Afeksi II

136 63 0
                                    


Gadis aneh dan lucu, yang meski telah berakhir lama kisah mereka, masih kerap berhamburan di angan-angannya. Sungguh, kabar darinya adalah yang ditunggu. Namun, bukan kabar yang seperti ini.

Setelah ini, Ann bagaimana perasaannya? Apa dia baik-baik saja? Kira-kira itu adalah sebagian kecil dari rentetan pikiran kacau Awan.

Berduka adalah mimpi buruk bagi siapa pun. Ia bangun tembok tinggi-tinggi, menebar senyum ke sana kemari mengoleksi hati, sedang diri tak ingin lagi terjebak dalam ikatan tak pasti. Semua karena ia takut kehilangan, lagi.

Tanpa disadari, jalanan ibu kota telah ia susuri. Menuju kota tempat kediaman sang gadis yang masih menjadi pujaan hati. Niatnya tidak muluk. Hanya ingin tau keadaannya, bahkan Awan hanya mengenakan kaus hitam juga celana pendek setinggi lutut. Tak terbersit dalam benaknya untuk berganti pakaian. Inginnya hanya untuk segera sampai tujuan.

Sebelumnya, Awan telah menyatakan bahwasanya tak akan lagi hubungi Ann. Untuk kemaslahatan bersama, katanya. Karena ia tak akan pernah kuasa mengikhlaskan apabila mereka masih saling bicara. Namun ia langgar seluruh larangan yang ia gariskan sendiri. Ann itu penting.

Bukannya uang lebih penting, oops, maaf.

Bagaimana, adalah pertanyaan besarnya. Bagaimana ia harus mengutarakan pada Ann apa yang berkecamuk pada perasaannya? Tenggelam ia bersama angan-angan penghujung harinya, sebelum jatuh pada cara klasik yang andalkan secarik kertas dan goresan pena.

Naura Hasna Annida, untai nama yang senantiasa deringkan fragmen-fragmen memori pembawa sukacita juga dukacarita.

Ann, asalamualaikum, ini aku.

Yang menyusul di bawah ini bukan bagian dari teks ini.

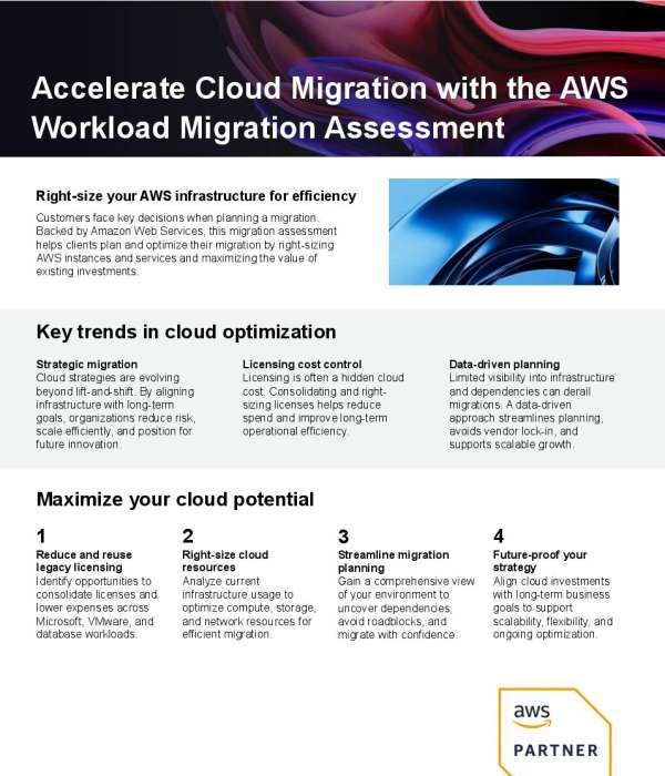 Cloud migration success depends on visibility, cost control, and long-term planning. The one-pager “Accelerate Cloud Migration with the AWS Workload Migration Assessment” outlines how an AWS-backed assessment helps organizations uncover application dependencies, right-size cloud resources, and reduce licensing costs across existing environments. Download the one-pager to see how a data-driven assessment supports confident AWS migrations and scalable cloud strategies, then contact White Horse Distribution, LLC to discuss next steps.

Mungkin kamu bisa tebak, tapi aku enggak akan sebut nama di surat ini. Dan kuharap surat ini akan menyampaikan apa yang mau kusampaikan dengan singkat. Ann, aku turut berdukacita. Mungkin beberapa orang menganggapmu berlebihan perihal meninggalnya nenekmu, tapi kamu yang paling sedih, aku yakin. Aku enggak akan bilang ke kamu untuk berhenti sedih.

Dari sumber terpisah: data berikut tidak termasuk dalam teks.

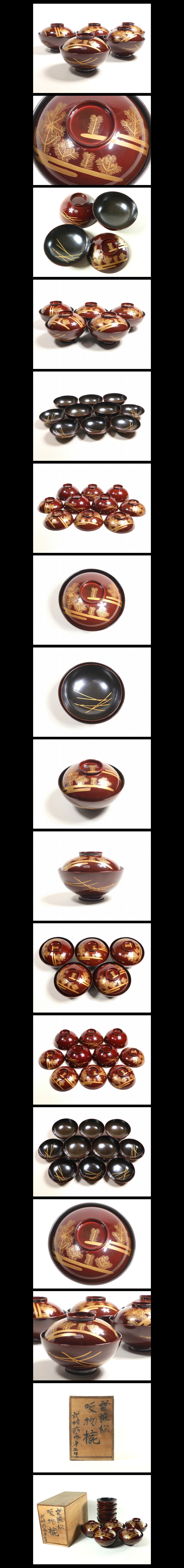 紅春慶のような美しく透明感のある紅溜の塗に内側は黒地、蓋表面には雲稚松、椀側面に松葉、蓋見返り黒地にも松葉の

Aku tau sakitnya enggak bisa diucapkan. Ditinggal untuk selamanya seperti ini, tapi kamu harus tetap lanjutkan kebahagiaanmu, ya? Ann, anggap aku sok tau tapi aku yakin semasa hidup nenek bangga banget sama kamu. Kamu anak baik. Nenek pasti sangat sayang dan berterima kasih sama kamu. Apa pun yang terjadi jangan sampai mikir sebaliknya, ya?

Ann mungkin hidup akan bertambah sulit berkali lipat setelah ini. Tapi jangan lupa bahwa kamu nggak sendirian, ya? At least, aku bisa bilang kalau kamu masih punya aku. Aku masih sangat peduli sama kamu dan aku masih di sini kapan pun kamu butuh. Kayaknya segini aja surat edisi kali ini. Kalau kamu bisa tebak aku siapa, tolong hubungi aku kalau-kalau butuh. Aku juga butuh ngobrol untuk menjelaskan kejadian waktu dulu. Untuk saat ini aku mau beri kamu ruang, tapi jangan lupa kalau aku di sini ada buat kamu. Oh iya, salam dari langit.

Usai sudah tercurah segala perasaannya dalam gurat-gurat tinta tadi. Dengan tangannya yang meremang pegal, ia melipat kertas tersebut dan menjejalkannya di sela-sela buket bunga.

Tak butuh waktu yang terlalu lama untuk sampai di kediaman rumah Ann. Awan dapat merasakan darahnya menuai desir hangat sekaligus dingin kala bangunan yang baru kali kedua ia sawang itu tertangkap kedua mata. Rindunya berkecamuk.

Langkah pertama yang ia jejak terasa goyah, diikuti dengan langkah-langkah berat yang pada akhirnya berhasil membawanya hingga berjarak satu lemparan batu kecil dengan pintu rumah Ann. Sudah seperti making, bahkan maling pun malu melakukan hal itu. Intensi awal Awan memang untuk meninggalkan buket bunga berisi surat di sana. Namun setelah kembali menjejak kaki di kediamannya, rasa rindu mendadak menggerogoti tiap inci tubuh, mendorongnya untuk mengetuk. Benaknya berkecamuk.